Es geht vielmehr darum, sich als Bank „unter der Haube“ neu zu erfinden. Also mehr im Sinne von Struktur- und Prozess-Innovation zu denken. Das sind dann vielleicht keine globalen Innovationen, weil es das alles woanders schon gibt, aber für eine Bank sind solche inneren Veränderungen zu verstehen als „Neuerung in einem System durch Anwendung neuer Ideen und Techniken“ und das ist per Definition eine Innovation. Und ja, damit kann man dann indirekt auch Geld verdienen.
Was gibt es für Meinungen auf die Themen Plattformökonomie, Open Banking, Banking as a Service?
Ich stehe ja für den Bereich Banking-as-a-Service bei der SWK Bank, und ich glaube, das Thema steht erst am Anfang seiner Entwicklung. Man kann die drei Themen auch untereinander ranken.
Wenn ich Plattformökonomie einmal auf das Thema Marktplätze reduziere, steht der Bereich für mich in der Mitte: Über Marktplätze kann ich als Bank „flow on demand“ also planbares Wachstum generieren. Darum herum sehe ich den Bereich Open Banking mit dem Ziel, das Produktportfolio der Bank innerhalb der Bank-IT-Infrastruktur zu erweitern.
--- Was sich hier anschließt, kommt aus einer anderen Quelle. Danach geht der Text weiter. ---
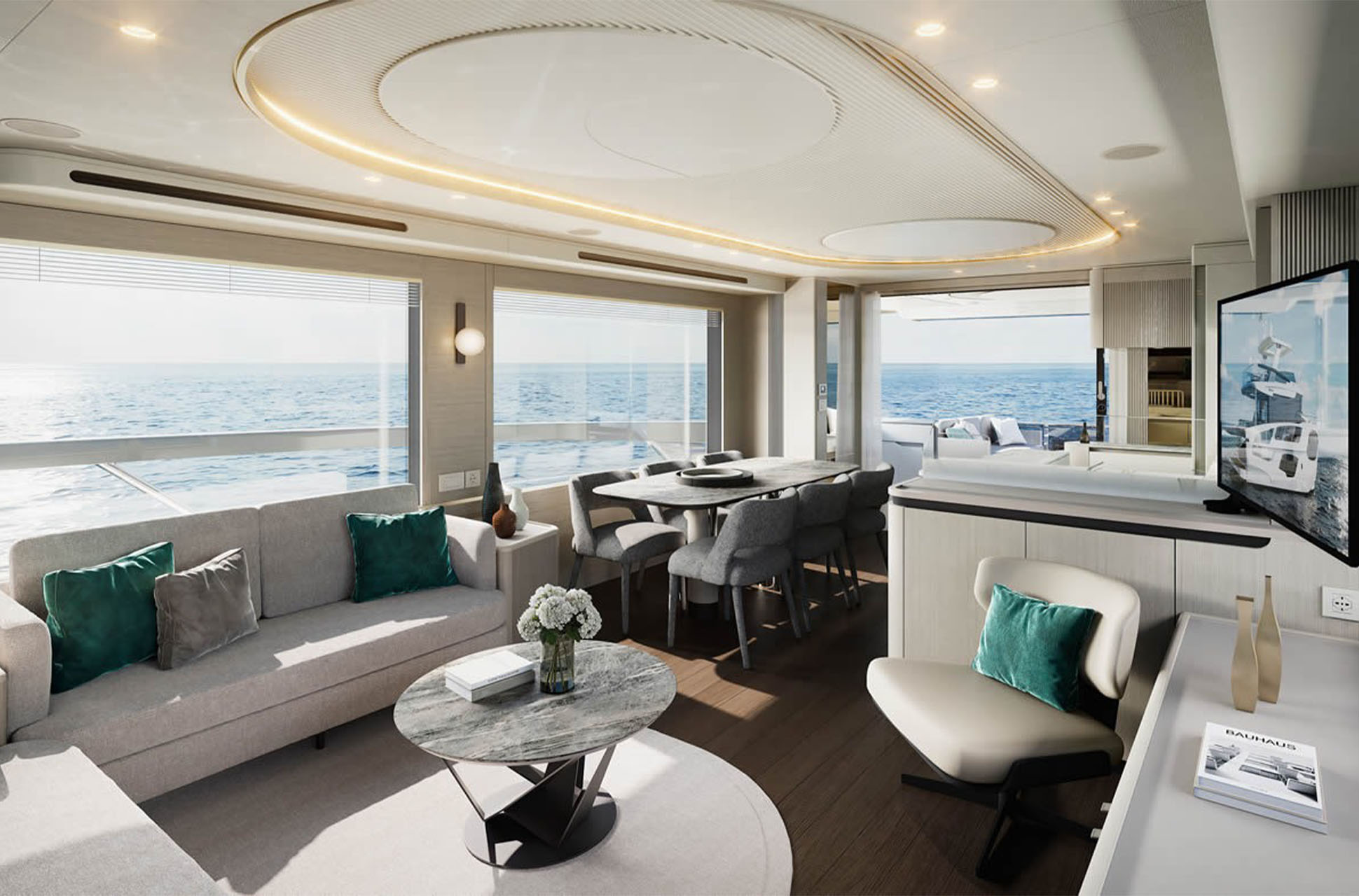 Inside, the Navetta 66 focuses on light and easy movement, with strong headroom, minimal steps, and sliding doors to keep traffic flow simple. The salon includes an electric height-adjustable dining table and a retractable TV designed to preserve the panoramic view, while a low glass partition subtly separates the galley without closing the space off.
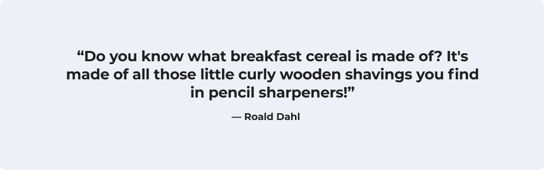 “Do you know what breakfast cereal is made of? It's made of all those little curly wooden shavings you find in pencil sharpeners!”
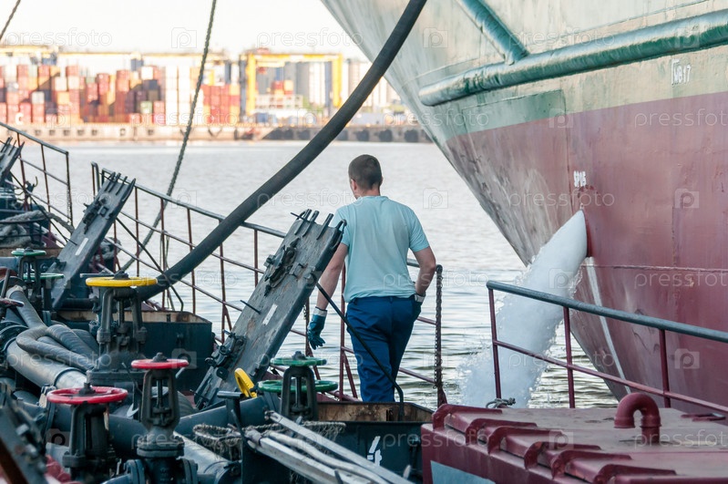 Россия, Санкт-Петербург, май 2021 г.: Сброс балластной воды на палубе нефтяного танкера в бухте порта
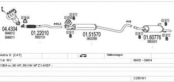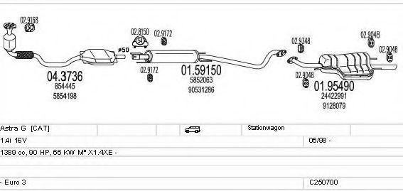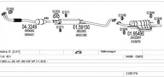 Глушитель в сборе для OPEL ASTRA G универсал (F35_) 1.4 16V
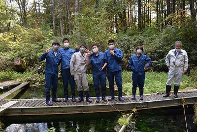 海洋生産科2年生食品資源コースの面々、一昨日八幡平市の岩手県内水面水産技術センターでの現場実習に行ってきました。食品資源コースでは本BLGでも時々紹介する「缶詰実習」など食品製造実習を行うと共に、山田実習場でカキやホタテの海面養殖、そして、淡水魚の養殖では校内で金魚の養殖と今回のように八幡平市まで出かけてサクラマスやイワナなどの養殖現場実習を行っています。 魚を生産し(養殖)→食品に加工し→パッケージや販売方法も考えて→商品化 という 6次産業の流れを勉強しています。
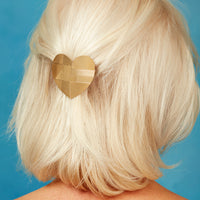 • Grande barrette Coeur finement gravée et dorée à l'or fin. Les stries rythment la surface dorée et accrochent la lumière avec des effets facettés. Le large clip permet d'attacher toute la chevelure ou une large mèche de cheveux épais. Elle sera parfaite pour briller pour des occasions uniques.
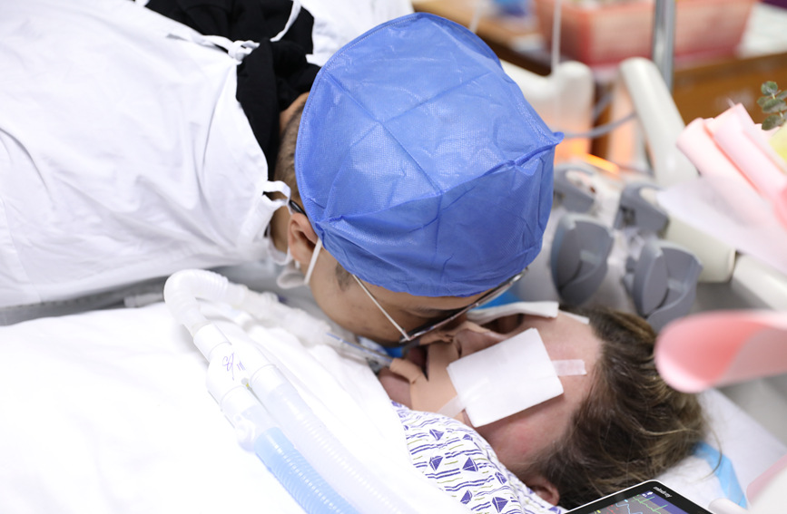 Surgeons perform liver transplant surgery on a Russian donor named Nika at the First Affiliated Hospital of Guangxi Medical University. (Photo/Wei Na)
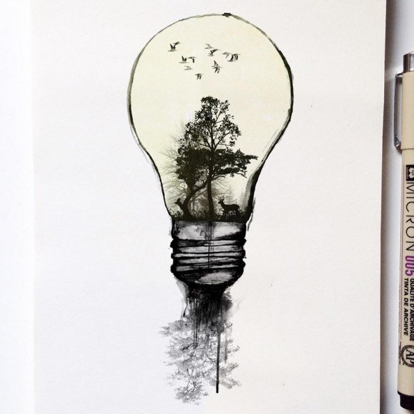 Ponadto są prace wykonywane z punktu widzenia estetyki, gdzie cały świat znajduje się w lampie: może to być dno oceanu, pustynia, miasto lub prowincja, a nawet cała planeta. Żarówka może zawierać wszechświat, podobnym logo posługują się zwolennicy ochrony przyrody.
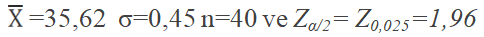 Bir üretim sürecinde üretilen birimlerin uzunlukları kontrol ediliyor. Standart sapma 0,45 mm olarak bulunuyor. Bir kalite kontrol uzmanı her sabah rasgele seçilen 40 birim üzerinde kontrolünü sürdürüyor. Bir günde ortalama uzunluk 35,62 mm olduğunda;

Und außen herumkommt dann das Thema BaaS im Sinne von Business Process Outsourcing, dabei wird „outsourcing“ von Prozessen und damit Kostenersparnis im Bereich IT-, Produkt- und Prozess-Infrastruktur ermöglicht. Und dieser letzte Bereich ist m.E. noch nicht so stark entwickelt wie die beiden inneren Schichten und daher auch für uns spannend, dort zu agieren.
Was ist Deine „Wette auf die Zukunft“?
Ich hatte ja gesagt, wir sehen eine Intensivierung der Fliehkräfte und diese Intensivierung kommt aus dem Bereich Klimaschutz. Ich glaube, dass Banken künftig entweder direkt oder indirekt Nachteile haben werden, wenn sie nicht klar nachweisen können, dass ihre Geschäftsmodelle mindestens klimaneutral sind.
Die Kunden werden Banken auch unter diesem Gesichtspunkt bewerten und Kaufentscheidungen treffen.
Es wird Nachteile beim Funding geben, weil Investoren ihre Investments unter diesen Gesichtspunkten steuern und / oder es auch regulatorisch bzw. durch die Rating-Agenturen eine direkte „Bestrafung“ erfolgt. Wettbewerber werden sich darüber differenzieren und dadurch wieder Unterschiede in bisher als „commodities“ angesehene Produkte herein arbeiten.
Meine Wette ist daher: Als BaaS-Anbieter müssen wir die „best in class“ Prozesse für unser Produktportfolio anbieten, um den „Fußabdruck“ für unsere Bankpartner zu minimieren und gleichzeitig müssen wir auch „Klima-Produkte“ massentauglich anbieten, um für unsere Partner direkte Konkurrenzvorteile zu erzielen. Dadurch wird der BaaS-Markt für uns ein „Parkett“ sein, auf dem wir uns weiterhin erfolgreich bewegen.
Wie sieht das Banking 2028 aus?
Ich muss überlegen, was in diesem kurzfristigen Zeitraum relevanter sein wird, „contextual banking“ oder nachhaltiges Banking und ich denke, es wird letzteres sein: Die Banken mit dem besten Standing in Bezug auf Nachhaltigkeit werden Marktanteile gewinnen. Es geht also nicht um „fancy“ UX, sondern um Inhalte.